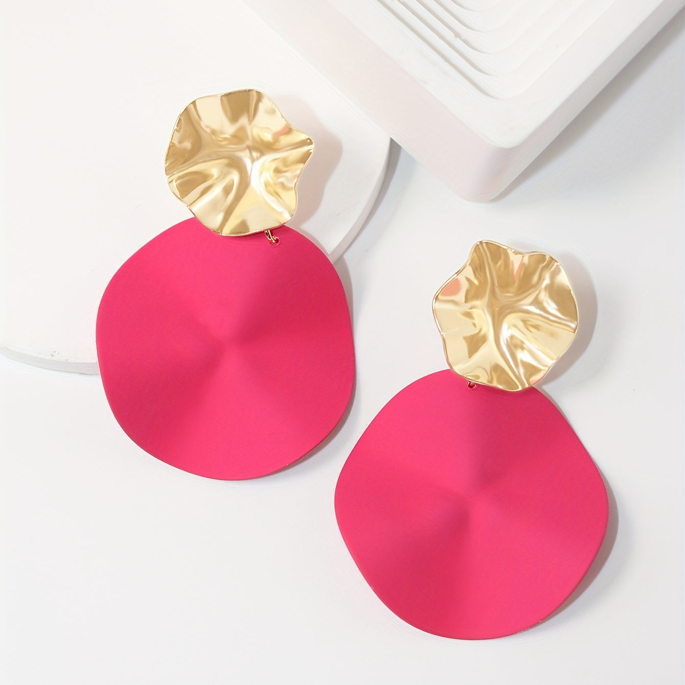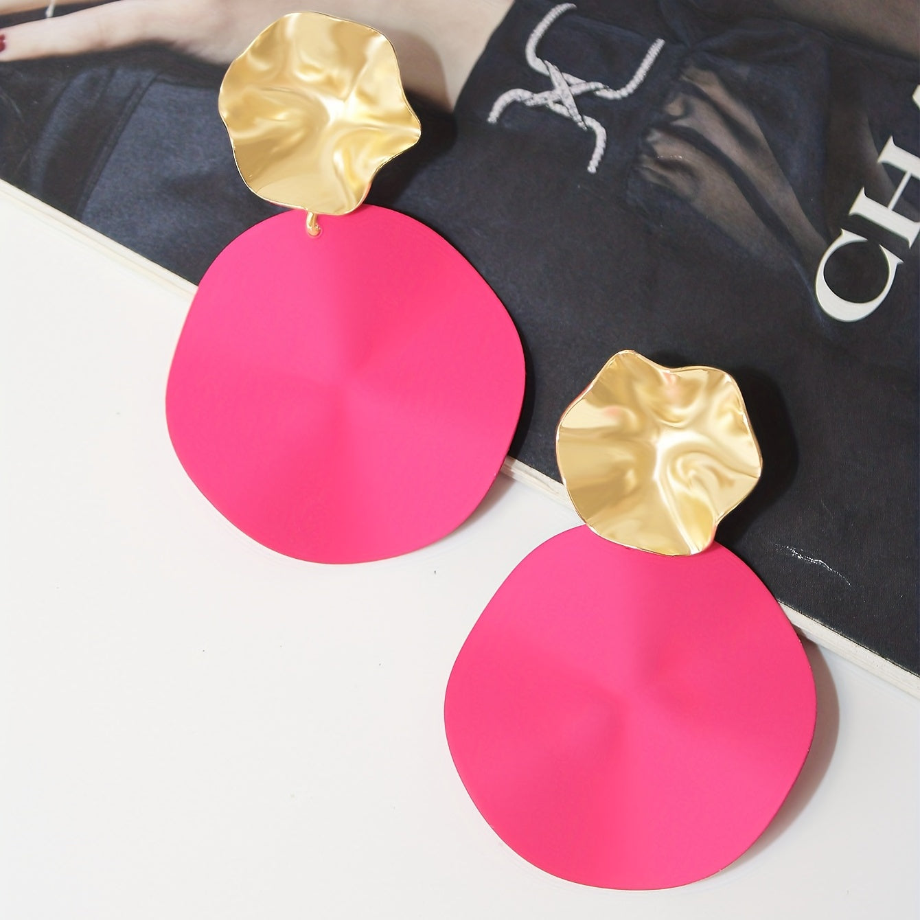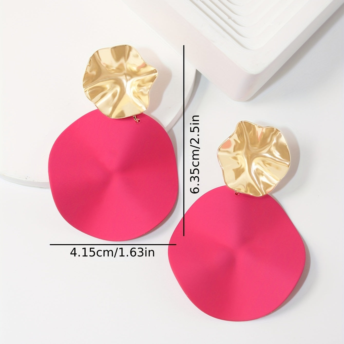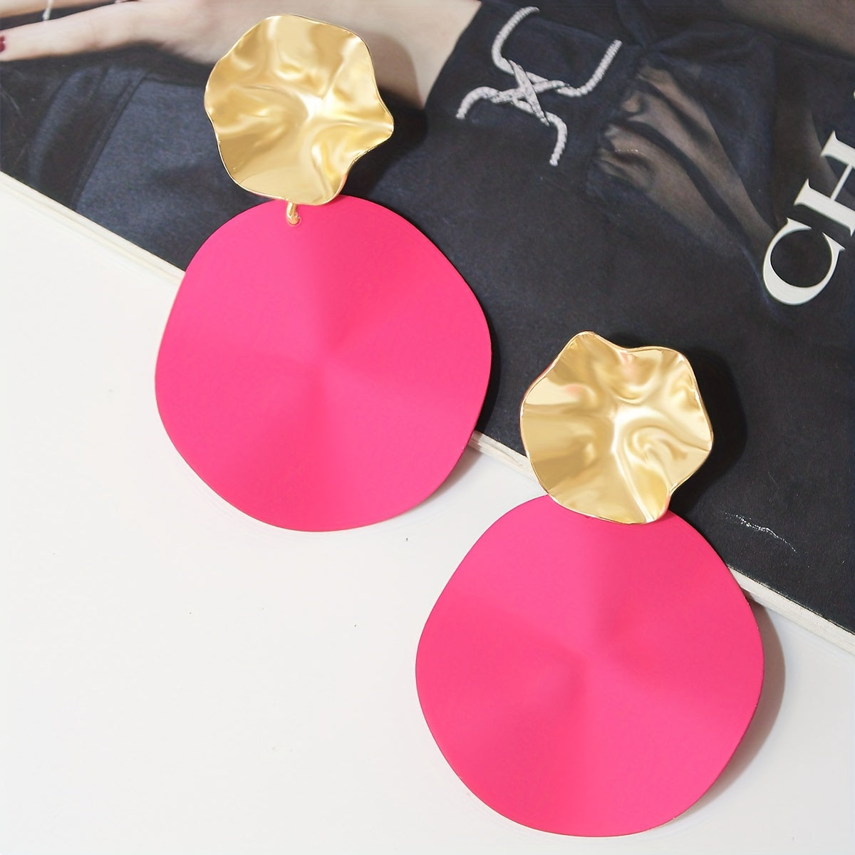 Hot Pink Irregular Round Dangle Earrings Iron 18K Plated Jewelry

──────────

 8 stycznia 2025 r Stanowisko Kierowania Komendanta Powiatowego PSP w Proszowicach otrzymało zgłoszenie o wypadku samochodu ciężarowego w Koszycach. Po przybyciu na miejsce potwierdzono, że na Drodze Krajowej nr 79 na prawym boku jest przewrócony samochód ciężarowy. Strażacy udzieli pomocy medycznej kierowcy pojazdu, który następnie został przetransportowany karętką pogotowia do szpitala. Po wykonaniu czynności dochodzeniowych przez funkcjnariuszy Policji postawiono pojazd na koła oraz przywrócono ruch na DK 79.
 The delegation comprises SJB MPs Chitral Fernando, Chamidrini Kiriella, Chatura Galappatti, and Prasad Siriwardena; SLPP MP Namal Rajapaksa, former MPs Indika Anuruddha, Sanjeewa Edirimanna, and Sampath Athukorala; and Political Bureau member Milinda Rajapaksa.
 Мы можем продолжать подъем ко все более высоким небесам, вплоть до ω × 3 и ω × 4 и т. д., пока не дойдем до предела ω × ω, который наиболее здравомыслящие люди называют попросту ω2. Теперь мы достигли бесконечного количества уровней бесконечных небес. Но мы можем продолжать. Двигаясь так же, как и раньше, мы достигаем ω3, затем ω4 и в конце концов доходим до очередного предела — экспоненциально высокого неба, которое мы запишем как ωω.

──────────

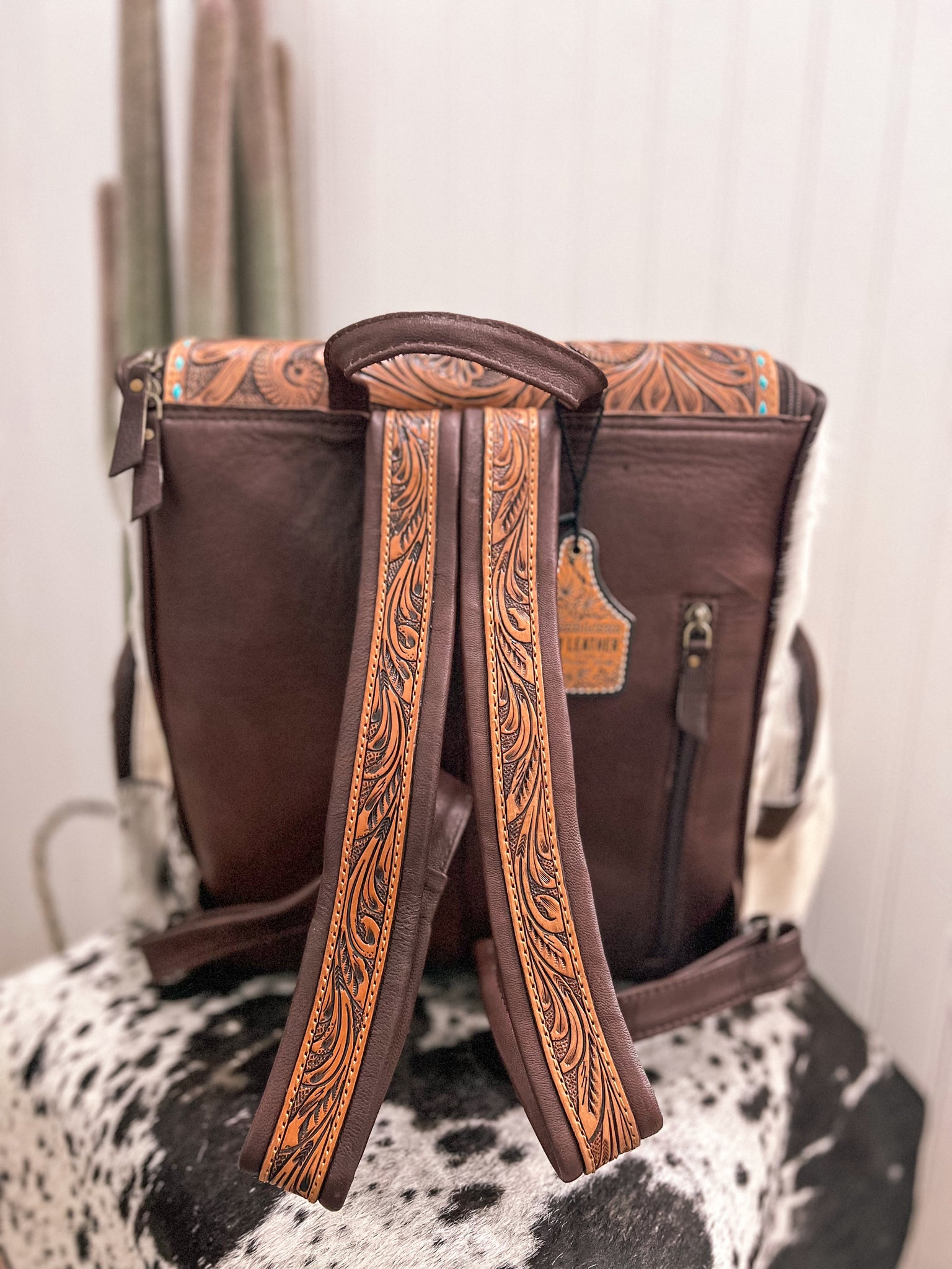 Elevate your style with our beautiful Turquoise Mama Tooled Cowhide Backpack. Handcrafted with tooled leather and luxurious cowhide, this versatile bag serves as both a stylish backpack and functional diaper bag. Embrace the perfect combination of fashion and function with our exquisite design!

──────────

--- Task prompt ---
What you give back should be only the lines of the records above, starting at the line with "8 stycznia 2025" and ending at the line with "The delegation comprises", restated word for word.

--- Written answer ---
 8 stycznia 2025 r Stanowisko Kierowania Komendanta Powiatowego PSP w Proszowicach otrzymało zgłoszenie o wypadku samochodu ciężarowego w Koszycach. Po przybyciu na miejsce potwierdzono, że na Drodze Krajowej nr 79 na prawym boku jest przewrócony samochód ciężarowy. Strażacy udzieli pomocy medycznej kierowcy pojazdu, który następnie został przetransportowany karętką pogotowia do szpitala. Po wykonaniu czynności dochodzeniowych przez funkcjnariuszy Policji postawiono pojazd na koła oraz przywrócono ruch na DK 79.
 The delegation comprises SJB MPs Chitral Fernando, Chamidrini Kiriella, Chatura Galappatti, and Prasad Siriwardena; SLPP MP Namal Rajapaksa, former MPs Indika Anuruddha, Sanjeewa Edirimanna, and Sampath Athukorala; and Political Bureau member Milinda Rajapaksa.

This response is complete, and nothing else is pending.